Activity:
Will you extract the entries word for word? Images should not appear in the copy.
### The input
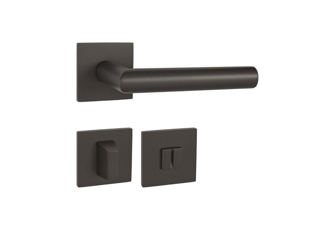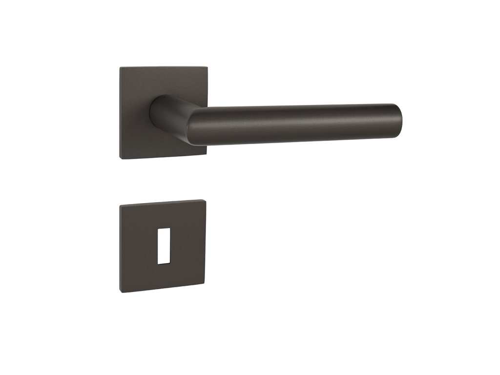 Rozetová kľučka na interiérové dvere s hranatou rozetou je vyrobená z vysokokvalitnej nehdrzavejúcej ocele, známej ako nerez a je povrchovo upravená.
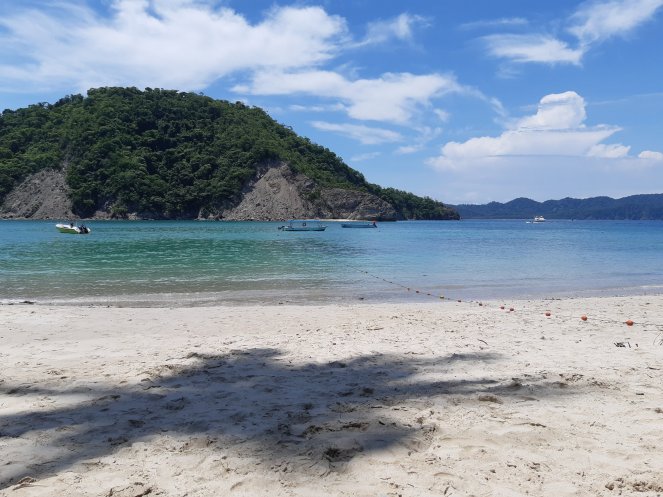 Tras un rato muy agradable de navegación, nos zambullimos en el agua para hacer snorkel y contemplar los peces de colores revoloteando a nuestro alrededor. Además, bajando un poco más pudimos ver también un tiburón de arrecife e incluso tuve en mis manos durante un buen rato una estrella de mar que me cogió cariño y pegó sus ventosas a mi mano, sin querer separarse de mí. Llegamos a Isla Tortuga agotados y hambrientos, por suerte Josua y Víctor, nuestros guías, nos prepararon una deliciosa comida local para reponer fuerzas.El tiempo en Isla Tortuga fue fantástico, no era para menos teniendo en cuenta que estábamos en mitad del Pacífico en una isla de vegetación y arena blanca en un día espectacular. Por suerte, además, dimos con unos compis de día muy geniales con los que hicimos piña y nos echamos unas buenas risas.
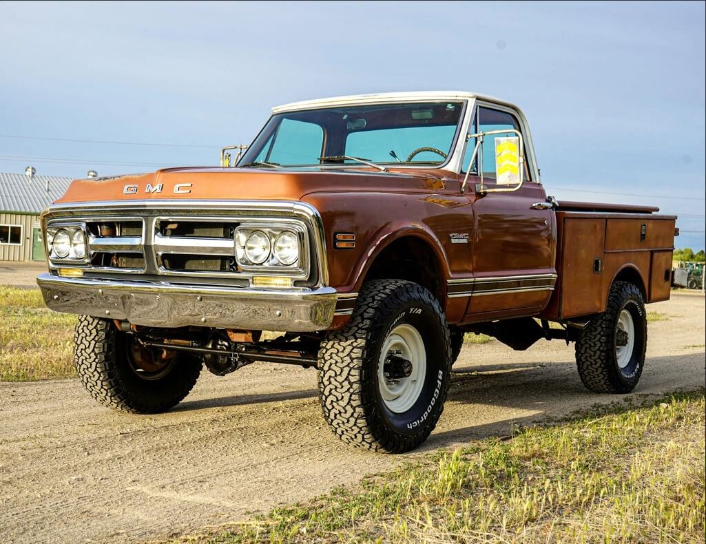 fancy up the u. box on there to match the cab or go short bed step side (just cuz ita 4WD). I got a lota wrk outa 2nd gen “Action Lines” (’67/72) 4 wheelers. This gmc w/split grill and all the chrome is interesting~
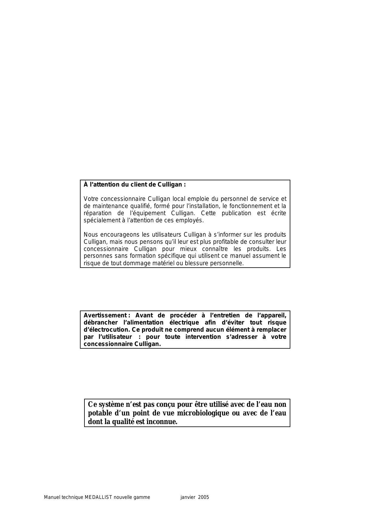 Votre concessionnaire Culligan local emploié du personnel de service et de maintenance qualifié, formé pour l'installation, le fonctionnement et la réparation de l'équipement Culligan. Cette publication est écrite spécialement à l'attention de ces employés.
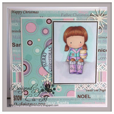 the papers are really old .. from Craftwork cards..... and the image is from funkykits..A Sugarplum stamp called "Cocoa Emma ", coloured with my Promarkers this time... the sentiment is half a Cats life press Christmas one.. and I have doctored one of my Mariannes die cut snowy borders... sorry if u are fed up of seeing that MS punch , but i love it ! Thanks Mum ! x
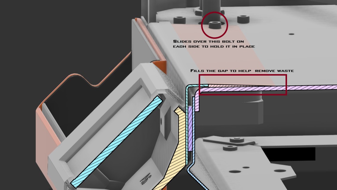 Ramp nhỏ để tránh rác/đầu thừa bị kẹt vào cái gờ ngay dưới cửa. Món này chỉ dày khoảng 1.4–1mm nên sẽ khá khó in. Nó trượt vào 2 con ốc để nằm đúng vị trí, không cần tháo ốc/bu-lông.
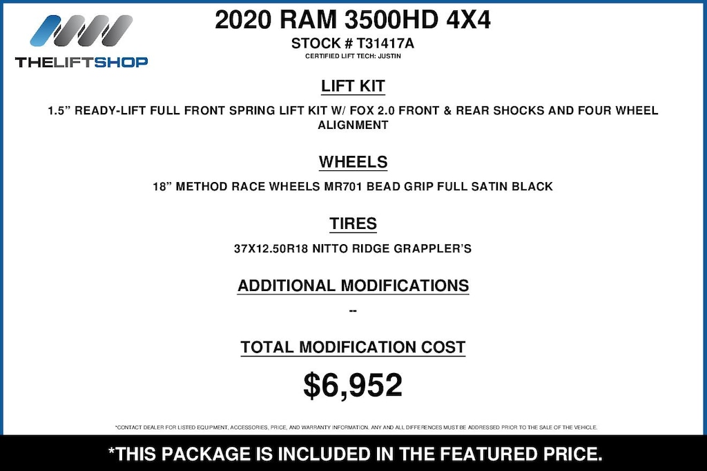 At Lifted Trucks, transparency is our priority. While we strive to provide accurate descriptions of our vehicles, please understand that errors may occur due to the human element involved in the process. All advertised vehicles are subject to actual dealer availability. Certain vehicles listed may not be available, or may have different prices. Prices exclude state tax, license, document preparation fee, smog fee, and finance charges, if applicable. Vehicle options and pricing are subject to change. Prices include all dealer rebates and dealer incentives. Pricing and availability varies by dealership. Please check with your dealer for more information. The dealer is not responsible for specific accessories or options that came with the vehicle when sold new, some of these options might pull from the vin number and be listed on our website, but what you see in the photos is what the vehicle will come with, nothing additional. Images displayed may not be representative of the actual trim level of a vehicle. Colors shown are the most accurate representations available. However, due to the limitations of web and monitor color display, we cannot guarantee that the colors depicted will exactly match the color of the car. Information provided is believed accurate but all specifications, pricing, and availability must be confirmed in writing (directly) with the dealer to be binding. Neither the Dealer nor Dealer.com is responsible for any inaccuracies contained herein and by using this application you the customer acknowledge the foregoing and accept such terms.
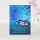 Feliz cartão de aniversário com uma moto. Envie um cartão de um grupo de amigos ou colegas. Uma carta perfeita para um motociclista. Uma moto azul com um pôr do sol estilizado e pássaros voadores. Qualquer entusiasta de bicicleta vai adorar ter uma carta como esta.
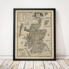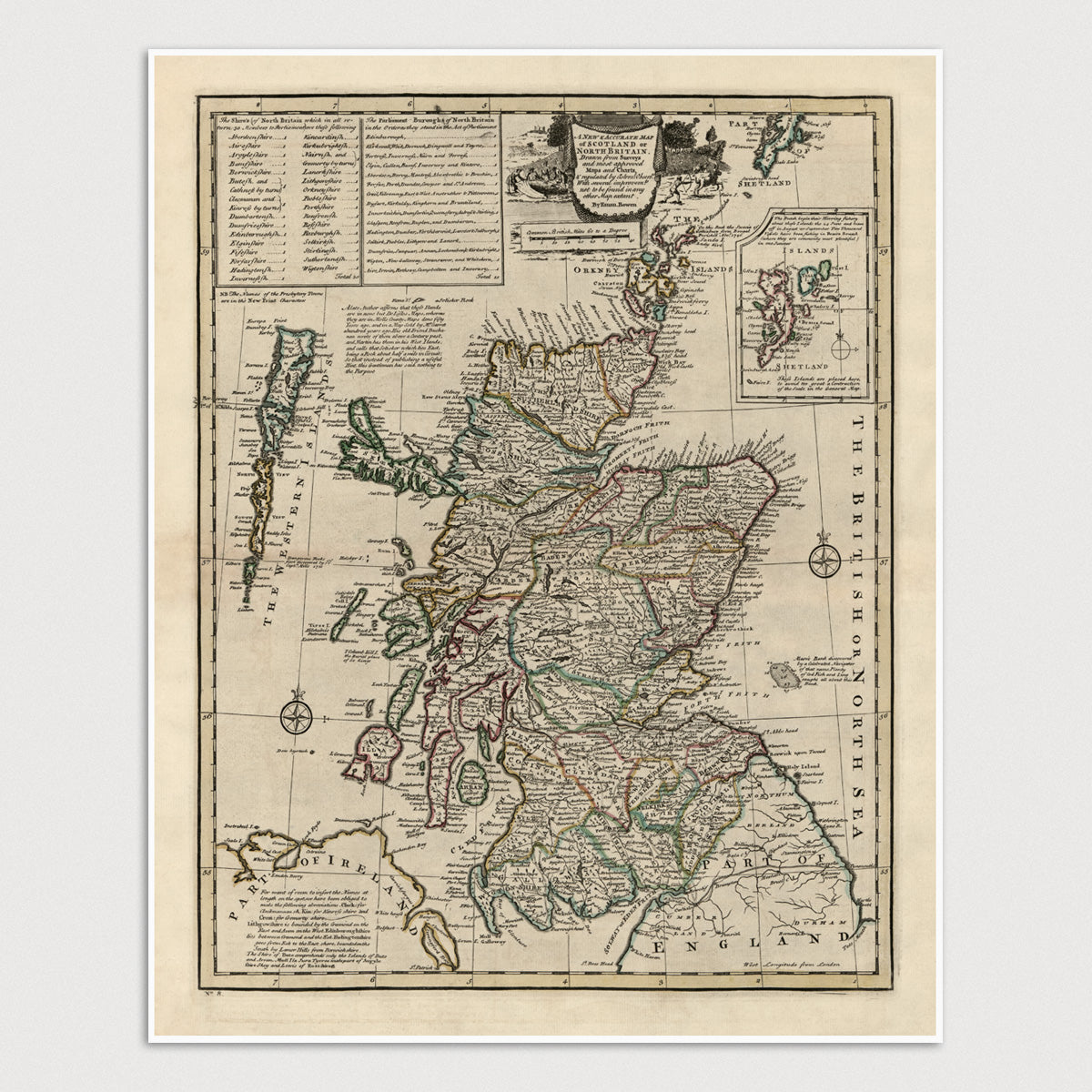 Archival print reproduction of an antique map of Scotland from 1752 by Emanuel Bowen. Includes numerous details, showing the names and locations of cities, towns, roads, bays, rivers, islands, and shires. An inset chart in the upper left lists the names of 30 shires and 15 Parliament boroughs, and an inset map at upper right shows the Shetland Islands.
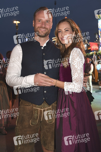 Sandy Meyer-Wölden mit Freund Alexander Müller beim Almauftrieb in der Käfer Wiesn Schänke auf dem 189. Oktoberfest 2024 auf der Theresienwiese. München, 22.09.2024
######
Expected output:
 Rozetová kľučka na interiérové dvere s hranatou rozetou je vyrobená z vysokokvalitnej nehdrzavejúcej ocele, známej ako nerez a je povrchovo upravená.
 Tras un rato muy agradable de navegación, nos zambullimos en el agua para hacer snorkel y contemplar los peces de colores revoloteando a nuestro alrededor. Además, bajando un poco más pudimos ver también un tiburón de arrecife e incluso tuve en mis manos durante un buen rato una estrella de mar que me cogió cariño y pegó sus ventosas a mi mano, sin querer separarse de mí. Llegamos a Isla Tortuga agotados y hambrientos, por suerte Josua y Víctor, nuestros guías, nos prepararon una deliciosa comida local para reponer fuerzas.El tiempo en Isla Tortuga fue fantástico, no era para menos teniendo en cuenta que estábamos en mitad del Pacífico en una isla de vegetación y arena blanca en un día espectacular. Por suerte, además, dimos con unos compis de día muy geniales con los que hicimos piña y nos echamos unas buenas risas.
 fancy up the u. box on there to match the cab or go short bed step side (just cuz ita 4WD). I got a lota wrk outa 2nd gen “Action Lines” (’67/72) 4 wheelers. This gmc w/split grill and all the chrome is interesting~
 Votre concessionnaire Culligan local emploié du personnel de service et de maintenance qualifié, formé pour l'installation, le fonctionnement et la réparation de l'équipement Culligan. Cette publication est écrite spécialement à l'attention de ces employés.
 the papers are really old .. from Craftwork cards..... and the image is from funkykits..A Sugarplum stamp called "Cocoa Emma ", coloured with my Promarkers this time... the sentiment is half a Cats life press Christmas one.. and I have doctored one of my Mariannes die cut snowy borders... sorry if u are fed up of seeing that MS punch , but i love it ! Thanks Mum ! x
 Ramp nhỏ để tránh rác/đầu thừa bị kẹt vào cái gờ ngay dưới cửa. Món này chỉ dày khoảng 1.4–1mm nên sẽ khá khó in. Nó trượt vào 2 con ốc để nằm đúng vị trí, không cần tháo ốc/bu-lông.
 At Lifted Trucks, transparency is our priority. While we strive to provide accurate descriptions of our vehicles, please understand that errors may occur due to the human element involved in the process. All advertised vehicles are subject to actual dealer availability. Certain vehicles listed may not be available, or may have different prices. Prices exclude state tax, license, document preparation fee, smog fee, and finance charges, if applicable. Vehicle options and pricing are subject to change. Prices include all dealer rebates and dealer incentives. Pricing and availability varies by dealership. Please check with your dealer for more information. The dealer is not responsible for specific accessories or options that came with the vehicle when sold new, some of these options might pull from the vin number and be listed on our website, but what you see in the photos is what the vehicle will come with, nothing additional. Images displayed may not be representative of the actual trim level of a vehicle. Colors shown are the most accurate representations available. However, due to the limitations of web and monitor color display, we cannot guarantee that the colors depicted will exactly match the color of the car. Information provided is believed accurate but all specifications, pricing, and availability must be confirmed in writing (directly) with the dealer to be binding. Neither the Dealer nor Dealer.com is responsible for any inaccuracies contained herein and by using this application you the customer acknowledge the foregoing and accept such terms.
 Feliz cartão de aniversário com uma moto. Envie um cartão de um grupo de amigos ou colegas. Uma carta perfeita para um motociclista. Uma moto azul com um pôr do sol estilizado e pássaros voadores. Qualquer entusiasta de bicicleta vai adorar ter uma carta como esta.
 Archival print reproduction of an antique map of Scotland from 1752 by Emanuel Bowen. Includes numerous details, showing the names and locations of cities, towns, roads, bays, rivers, islands, and shires. An inset chart in the upper left lists the names of 30 shires and 15 Parliament boroughs, and an inset map at upper right shows the Shetland Islands.
 Sandy Meyer-Wölden mit Freund Alexander Müller beim Almauftrieb in der Käfer Wiesn Schänke auf dem 189. Oktoberfest 2024 auf der Theresienwiese. München, 22.09.2024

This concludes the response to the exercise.